None of the alternatives being discussed gets either company the kind of scale in search advertising they need to compete with Google. Yahoo remains a leader in online display advertising, such as banner and video ads, and could try to build on that leadership. Among the alternative deals Yahoo has indicated it has sought are alliances with Time Warner's (TWX) AOL unit and News Corp.'s (NWS) MySpace social network.
But both of those are problematic in other ways. For one, News Corp. Chairman Rupert Murdoch appeared recently to switch sides, proposing to ally with Microsoft on a deal. Even were Microsoft to do a MySpace deal, it's unclear social network sites provide attractive advertising opportunities on a scale with search advertising. Google, which already has an ad deal with MySpace, said several months ago that it was having trouble making money from ads on social networks.
AOL, while strong in online display advertising thanks to its leading ad network Advertising.com, is seen as a traffic laggard that Time Warner has been trying to offload for some time. Yahoo already has much more traffic than AOL, so the benefits are uncertain.
Besides, Ballmer has already expressed interest in AOL, and Microsoft has so much more financial resources than Yahoo that it's unlikely the latter could win a contest for AOL. Finally, either company might face regulatory issues over such a combination, especially in areas such as e-mail and instant messaging where each has significant market share.
Yahoo's best hope remains a deal to have Google take over at least part of the advertising around its search business. Yahoo recently ran a trial of Google ads alongside Yahoo search results. Both companies indicated the trial was successful, and sources have indicated a fuller deal could come as early as next week. Again, however, regulatory concerns could quash or at least delay any such combination.
Awash in Cash
As for Microsoft, without having to buy Yahoo it now has intact an unparalleled war chest that some observers said could be applied to buy many other companies, from tech news network CNET (CNET) to ValueClick (VCLK), which is an ad network specializing in the lucrative and fast-growing field of generating leads to marketers. But none of those purchases would add up to nearly the scale Microsoft would achieve with Yahoo.
Microsoft also could try to spend some of the dollars it would have spent on Yahoo to buy the rest of hot social network Facebook, in which it bought a tiny stake last year.
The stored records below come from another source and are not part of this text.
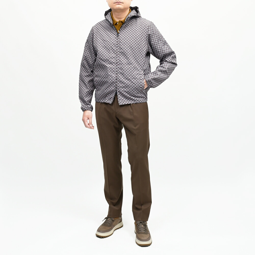 フード付きでカジュアルながらも上質な仕立てとシルエットで品のある大人のコーディネートに仕上がります。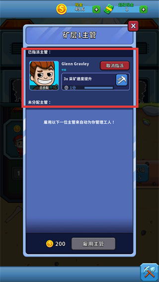 2、【矿层1主管】界面中,已指派【GlennGravley】,可以加速矿场开采效果。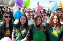 По проспекту Мира прошли колонны трудовых коллективов. Студенческая молодежь г. Набережные Челны так же приняла активное участие в демонстрации.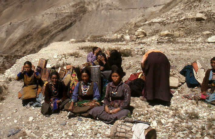 Die Prozession hält kurz an, im hintergrund sieht man den Thorong La
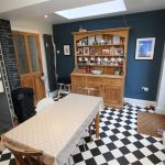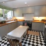 Matching shaker style wall and base units with solid wooden worksurface. Inset ceramic sink unit with mixer tap, space for range cooker, American style fridge/freezer, built in dishwasher and washing machine. Double glazed door and window overlooking the rear garden. Roof-light, vertical radiator and ceiling spotlights.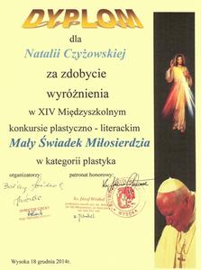 wyróżnienie Natalia Czyżowska z kl. Ia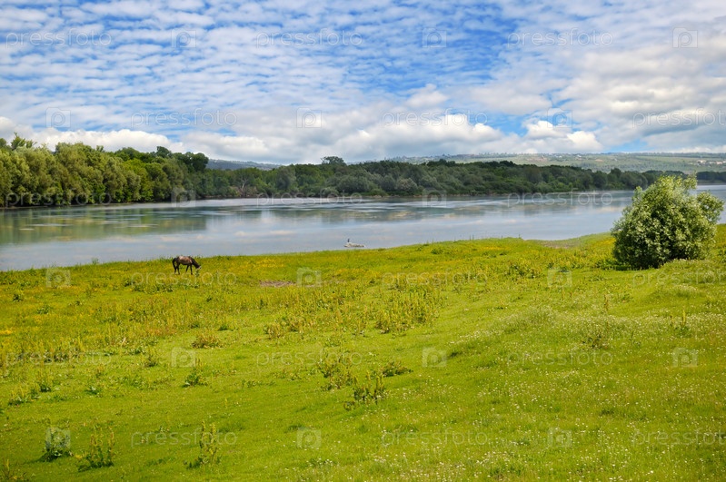 Река, луг и пойменные леса на берегу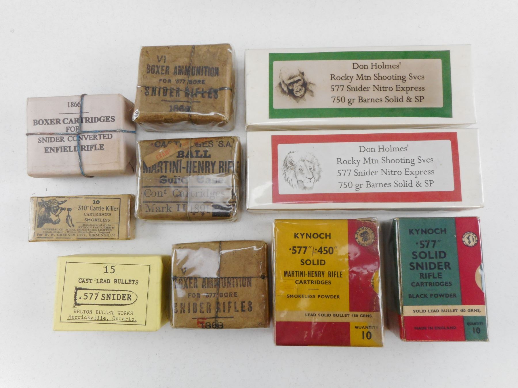 10 COLLECTOR AMMO BOXES, DATED FROM 1867-1886 , KYNOCH .577 SNIDER COLLECTOR BOX, BOXER AMMUNITION BOX, DON HOLMES ROCKY MTN SHOOTING SVS, .310 CATTLE KILLER BOX, KYNOCH .577/.450 MARTINI-HENRY BOX, CARTRIDGES S.A. BALL MARTINI-HENRY RIFLE BOX, BELTON BULLET WORKS
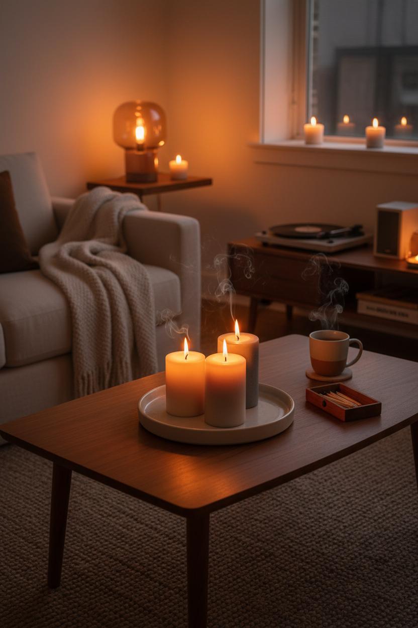 In a smaller space, thoughtful placement is everything. Corral your ceramic candle set on a round tray to keep things tidy and renter-friendly, then stagger heights for a soft, sculptural moment that doesn’t overwhelm. Tuck a single votive on a shelf near your reading nook or line two along a windowsill (always heat-safe and away from drafts) to stretch the glow without crowding surfaces—simple small space ideas that still feel luxurious. Trim wicks, light at dusk, and let this tiny, repeatable ritual anchor your hygge home: tea steaming, playlist hum low, blanket within reach. Bonus points for sustainability—when the wax is gone, repurpose the ceramic cups as bud vases, pen pots, or a chic place to stash matches. Rotate fragrances with the seasons (herbal in spring, airy florals in summer, woods and smoke when the air turns crisp) so your cozy living room subtly shifts mood right along with you. The beauty of a well-chosen set is how effortlessly it blends with your existing pieces—an amber glass lamp here, a jute area rug there—quietly elevating the room until everything feels warm, intentional, and wonderfully yours.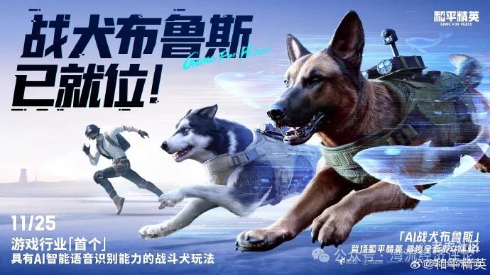 例如,腾讯游戏《和平精英》就推出了行业首个具备AI智能语音识别能力的AI战犬——布鲁斯。它不再是只会搜索天气和星座运势的电子宠物,而是可以在单局游戏中力挽狂澜的狠角色: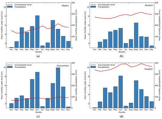 Groundwater hydrographs and observed averaged monthly precipitation at some selected locations (a) Abaam, (b) Asuboni, (c) Atutumirem and (d) Kwaben in the Pra Basin for the water year 2022.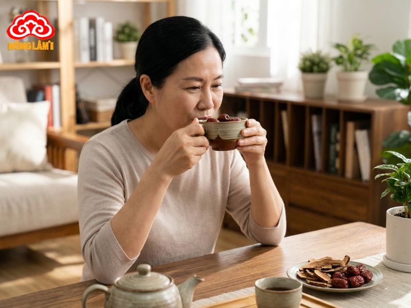 Phụ nữ sau sinh bao lâu thì uống được nước nấm lim táo đỏ?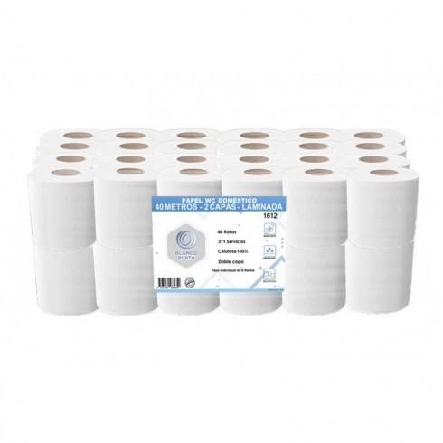 El papel higiénico doméstico 40 de Blancoplata está formado por 48 rollos de papel higiénico de 40m de 2 capas, 100% celulosa en el que cada rollo tiene un total de 311 servicios. Se trata de un papel precortado de calidad, suave al tacto, resistente, con gran poder de absorción y con un bonito grabado. Este papel cuenta con el certificado Cradle to Cradle como producto ecoeficaz, el certificado Ecolabel como producto respetuosos con el medio ambiente y el certificado de Calidad certificada.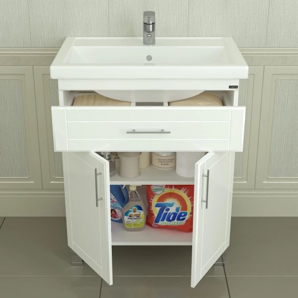 Тумба для комплекта СанТа подойдет как для просторной ванной комнаты, так и для небольшого помещения. Напольный способ установки производится непосредственно на пол, при этом конструкция максимально устойчива при серьезных физических нагрузках.В производстве используют только качественные влагостойкие материалы (ВЛДСП), в составе которых полностью отсутствуют опасные вещества. Серия Венера отличается превосходным дизайном с соблюдением всех ключевых элементов современного стиля. Основным цветом, в котором выполнена тумба под раковину СанТа является белый, гармонирующий с большинством интерьерных решений. Тумба под раковину предусматривает удобную и вместительную систему хранения, состоящую из полок и дверей.Страной бренда СанТа является Россия, все товары производятся с выполнением соответствующих стандартов качества, что позволяет быть полностью уверенными в долговечности и надежности. Тумба для комплекта СанТа поможет сделать уютным любой интерьер и создать идеальную ванную комнату.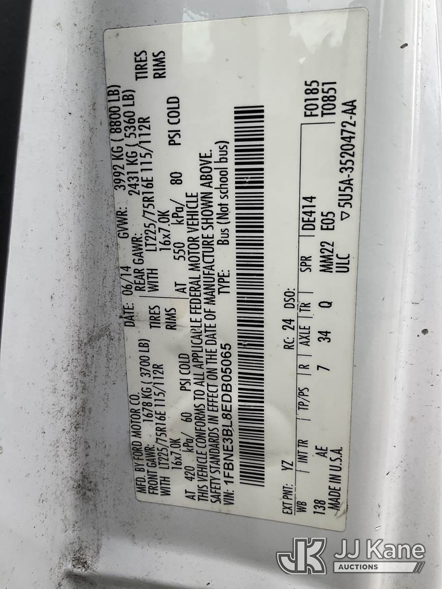 2014 Ford E350 Passenger Van, 8-cyl gas, RWD, Auto, A/C, (71,598 miles) (Runs & Moves) (Check Engine Light On, Body/Paint Damage) This is a Titled Item NOTE: This unit is being sold AS IS/WHERE IS via Timed Auction and is located in Ocala, FL. Inspection & preview days for this unit are by appointment only; please contact us at contact@jjkane.com or 84-Go-JJKane for more details. For more information & removal arrangements please contact Mike Lessard @ (352) 629-6677. (Buyer is responsible for removal. Assistance by consignor or JJ Kane Auctions is not assured.)

But Facebook has not been able to get serious traction from advertisers any more than MySpace, possibly because people using the service aren't in a mindset to be responsive to advertising. As a result, its implied $15 billion valuation is seen by many as far too high for the actual value of the company.
At the same time, both Microsoft and Yahoo are still busy trying to integrate a number of other acquisitions they made over the past year. Microsoft bought ad conglomerate aQuantive last year for $6 billion and people in the online ad industry say it still hasn't gotten its arms around all the operations. Yahoo bought ad network BlueLithium and ad exchange Right Media last year, among others, and is still in the process of integrating those. So adding more deals could create new problems and delays. "It is extremely difficult to integrate and innovate simultaneously," notes Kevin Lee, executive chairman of search marketing firm Didit.
Meanwhile, Google is poised to move quickly into online display advertising with its recently closed deal to buy display ad firm DoubleClick. As a result, neither Microsoft nor Yahoo alone may be in a position to hold off Google, let alone gain on it.